▸ Action item:
What is needed is an exact copy of the lines from the one containing "本次簽訂的合同包含兩艘新型單" through the last line of the records below, with no pictures.

Stored records
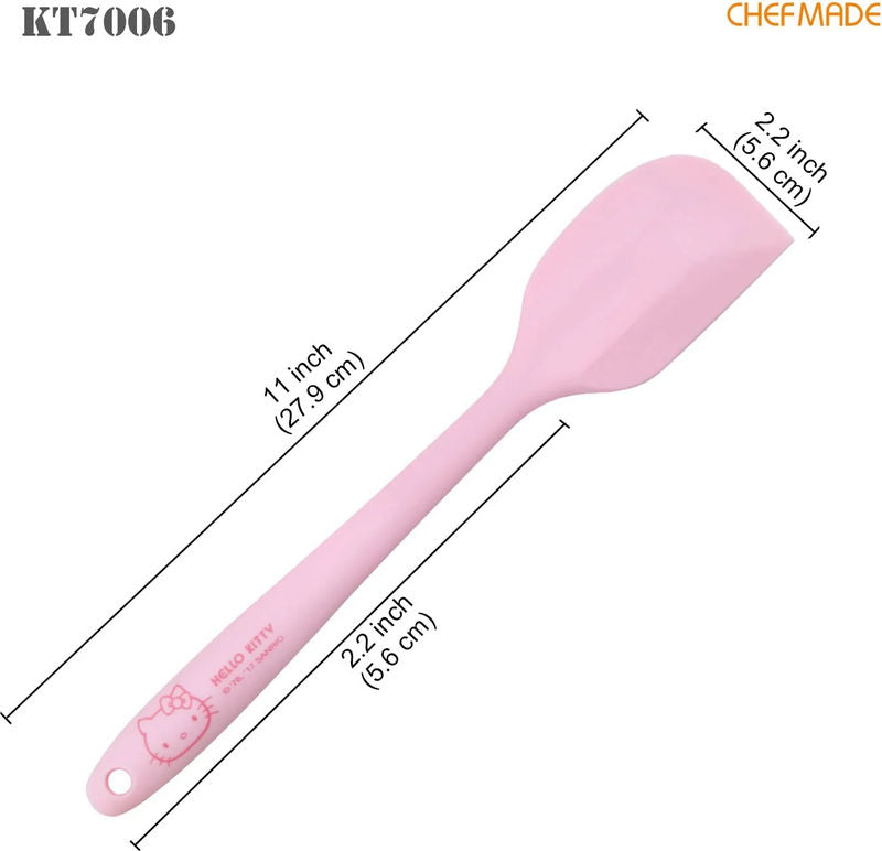 Add a touch of fun to your kitchen with our 11-inch Hello Kitty Silicone Spatula. Made with premium quality, heat-resistant silicone, this spatula is not only charming but also highly functional. The flexible blade is perfect for folding mixtures and scraping bowls, while the sturdy plastic handle ensures a comfortable grip. This Hello Kitty-branded spatula is made in China and is a great addition to any kitchen, making your cooking and baking sessions a delight.
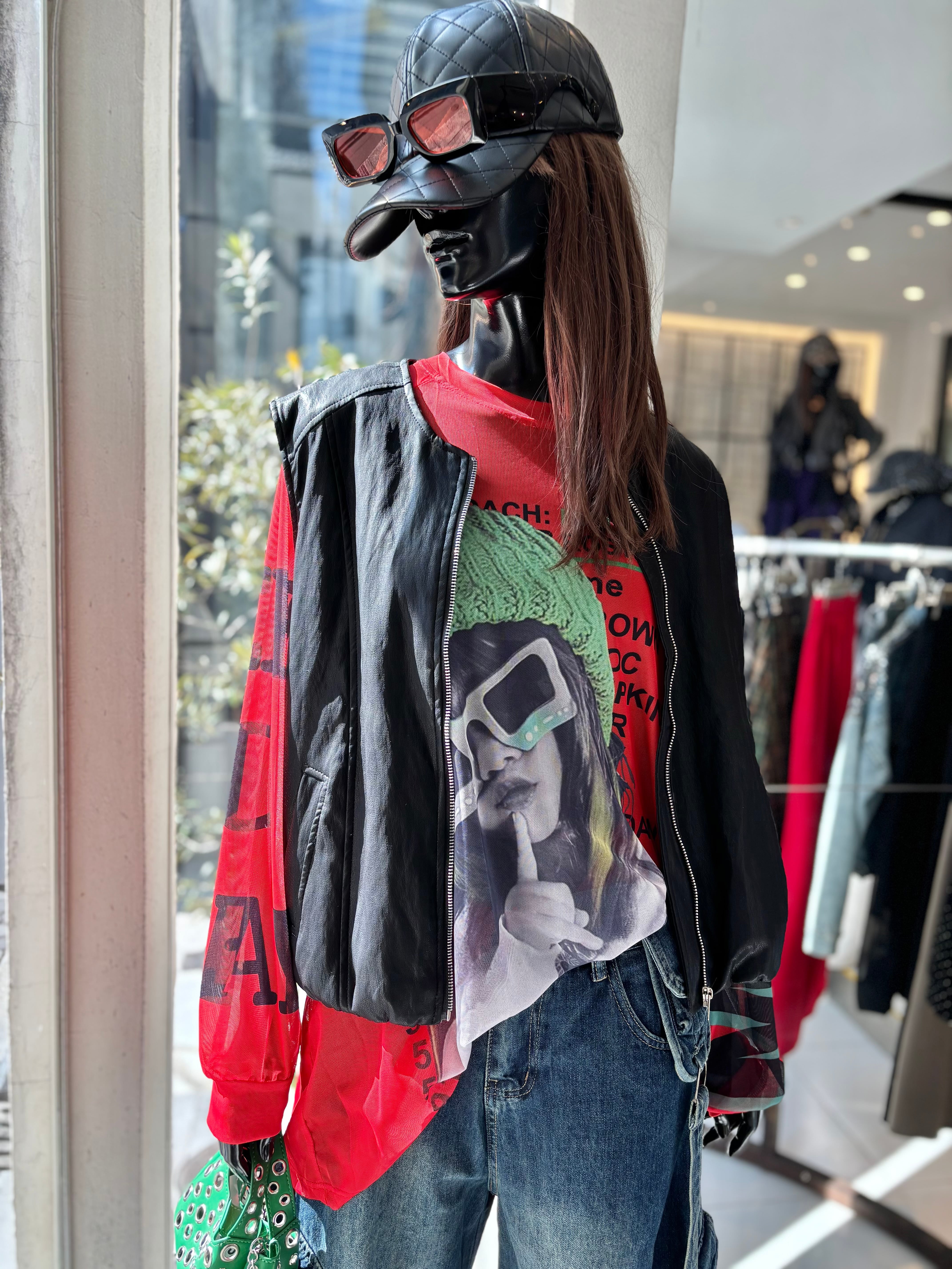 girl print stretch mesh over size tops トップス メッシュ ストレッチ プリント オーバーサイズ
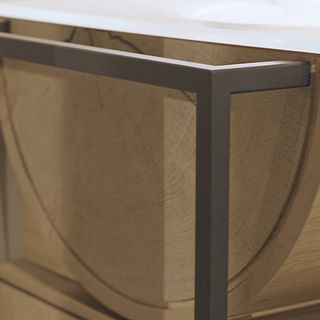 Vrock réunit l'esprit ancien des montagnes avec une esthétique moderne et pure. En associant un vieux chêne aux lignes brossées et rustiques à l'âpreté du granit des Alpes d'un noir grisé, lequel est travaillé artisanalement avec le plus grand soin, Vrock diffuse l'authentique esprit alpin dans l'espace de vie.
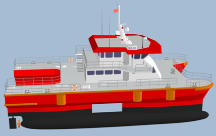 本次簽訂的合同包含兩艘新型單體引航船和一艘雙體引航船。單體引航船總長21.88米、型寬6米、型深2.85米、吃水1.30米,可搭載6名引航員及5名船員,設計航速不小于21.2節(jié)。雙體引航船為國內首創(chuàng),船舶總長27.5米、型寬13.60米、型深5.70米、吃水2.70米,可搭載9名引航員及6名船員,設計航速不小于18節(jié)。
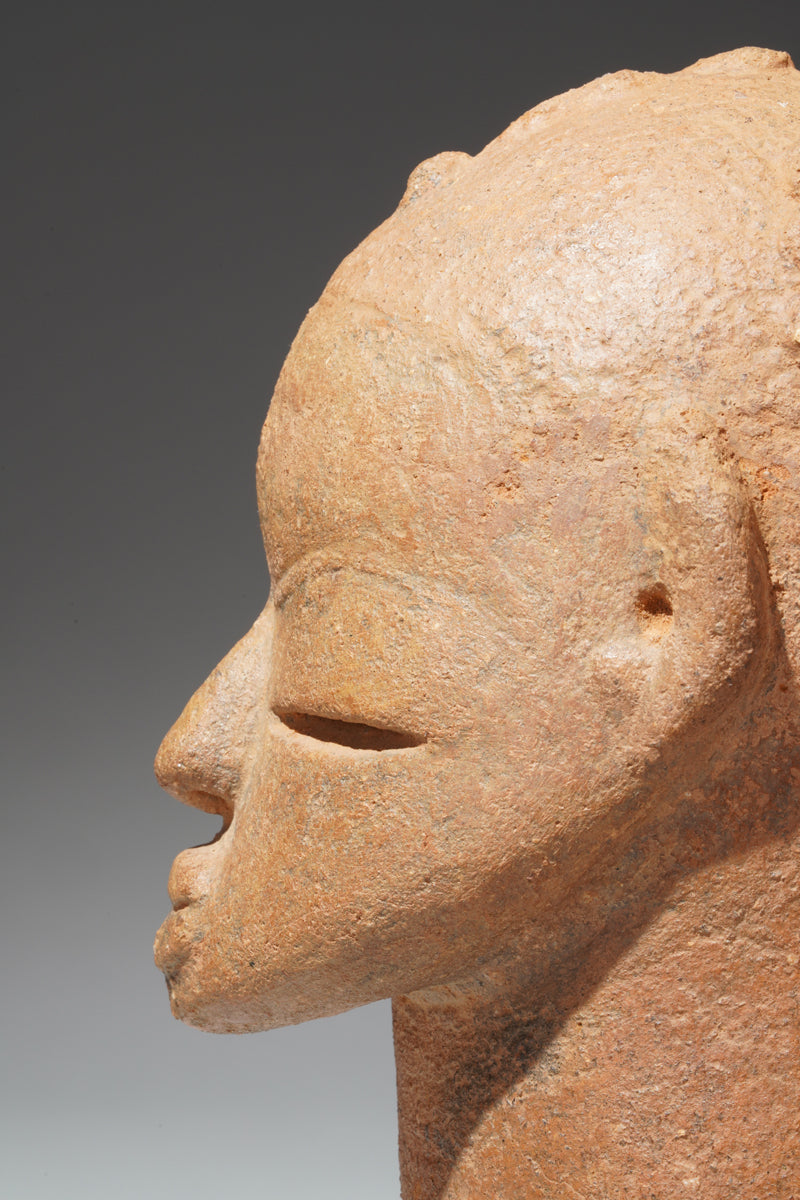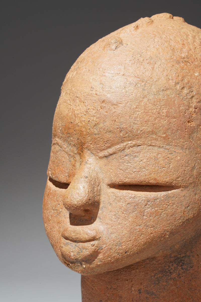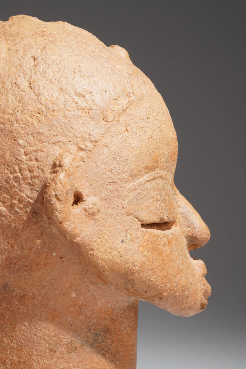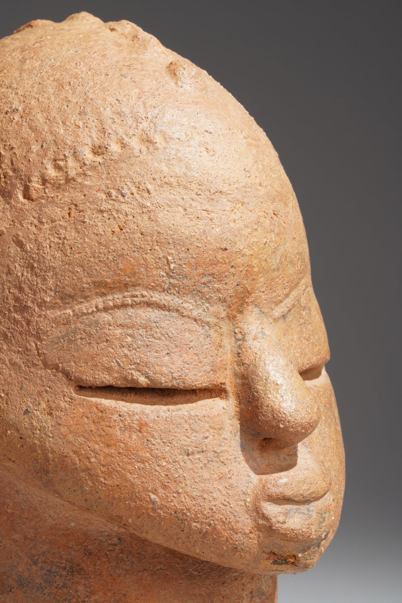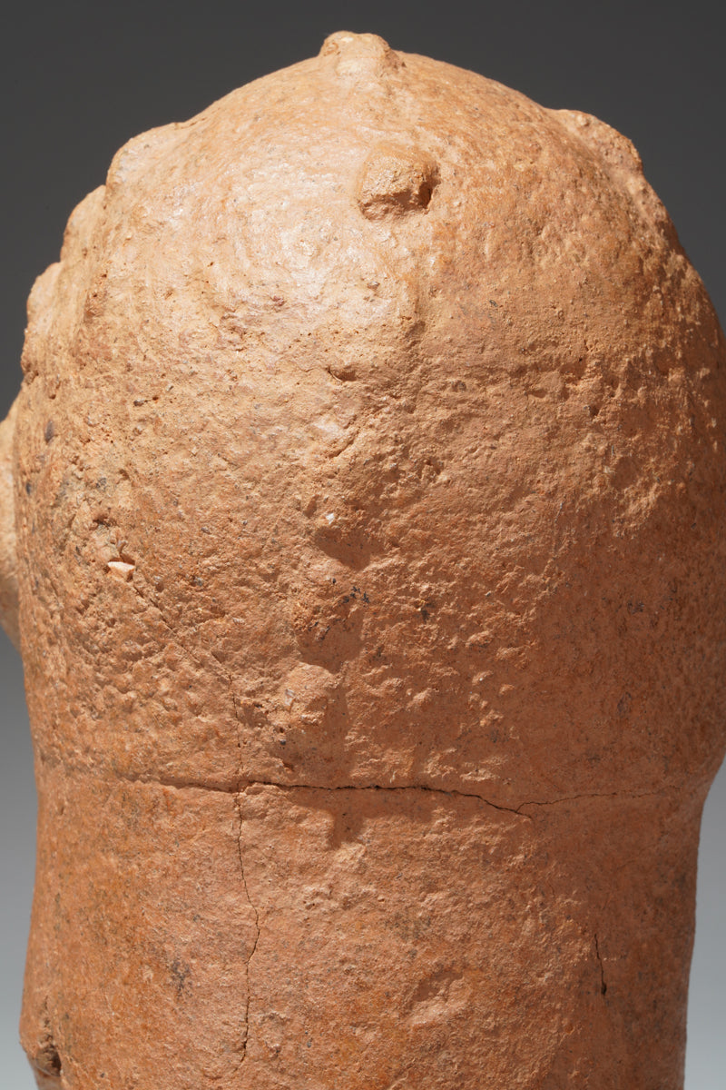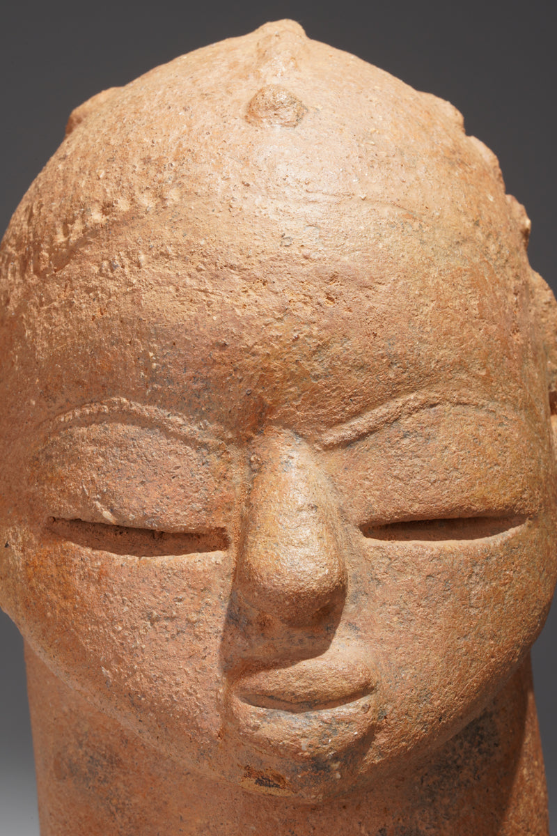 A fragmentary terracotta head in the Katsina style, Nigeria with a small face, long horizontal slits for eyes with eyebrow carvings over them, a small nose and narrow round mouth; the ears are carved high and the head has small protrusions for coiffure. Certificate of origin and provenance.

▸ Task answer:
 本次簽訂的合同包含兩艘新型單體引航船和一艘雙體引航船。單體引航船總長21.88米、型寬6米、型深2.85米、吃水1.30米,可搭載6名引航員及5名船員,設計航速不小于21.2節(jié)。雙體引航船為國內首創(chuàng),船舶總長27.5米、型寬13.60米、型深5.70米、吃水2.70米,可搭載9名引航員及6名船員,設計航速不小于18節(jié)。
 A fragmentary terracotta head in the Katsina style, Nigeria with a small face, long horizontal slits for eyes with eyebrow carvings over them, a small nose and narrow round mouth; the ears are carved high and the head has small protrusions for coiffure. Certificate of origin and provenance.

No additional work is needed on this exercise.